Blue Emporer Butterfly

butterfly_wing_05.jpg

Section of wing spot from under side of wing.

butterfly_wing_04.jpg

Blue flash from upper side of the same area of the wing. The ridges follow the direction of the scales and are giving the noise pattern on the scales at the screen resolution here.
tim
 
Sheesh Tim- this stuff is incredible! Close, closer and even closer. Are the darker scales(?) with the shredded tips older or a different type?
 
Sheesh Tim- this stuff is incredible! Close, closer and even closer. Are the darker scales(?) with the shredded tips older or a different type?

I was wondering exactly the same, how it manages to put them in so randomly too. I dont think they are different ages, but it would be very interesting to know how it did it, they dont seem to follow any of the colour patterns of the wings and I could not find anything about it in the literature. It does not seem to be any of the typcial methods like temperature (siamese cat ears) or morphogen gradients (retenoic asid etc). Perhaps it is like the tortoise shell cats and they are actually chimeric? It would probably be possible to run the dna from the different scales and see if there are are any SNPs but difficult and no result if you dont get a positive hit.
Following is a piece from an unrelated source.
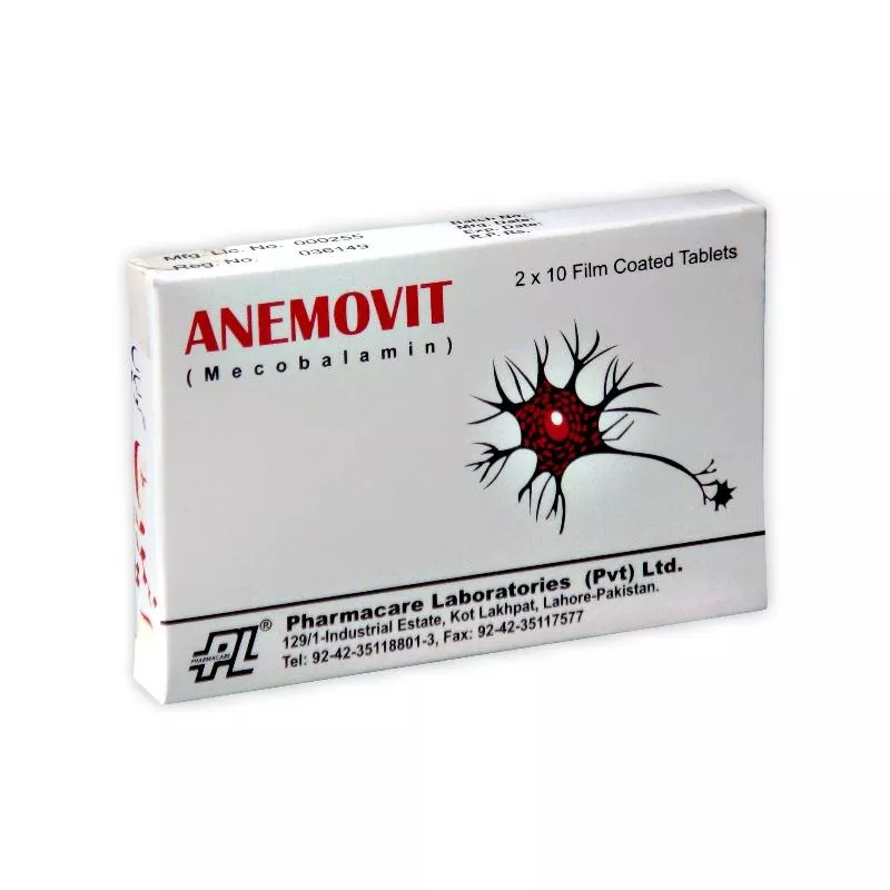 Anemovit tablet 500 mcg 20’s is used to relieve the symptoms of nerve damage in the feet and hand.

Some insects have very odd sex chromosome configurations, it would be interesting to see if it is x or y linked and sexually differentiated like the tortoise shell cats, in which case it would be very easy to check with just a light microscope and some stain for the chromosomes.

Wings open

2955556282_d4231bdb9f.jpg

Thnks very much Dal1970. I couldnt get the shot for the life of me :) and that was perfect.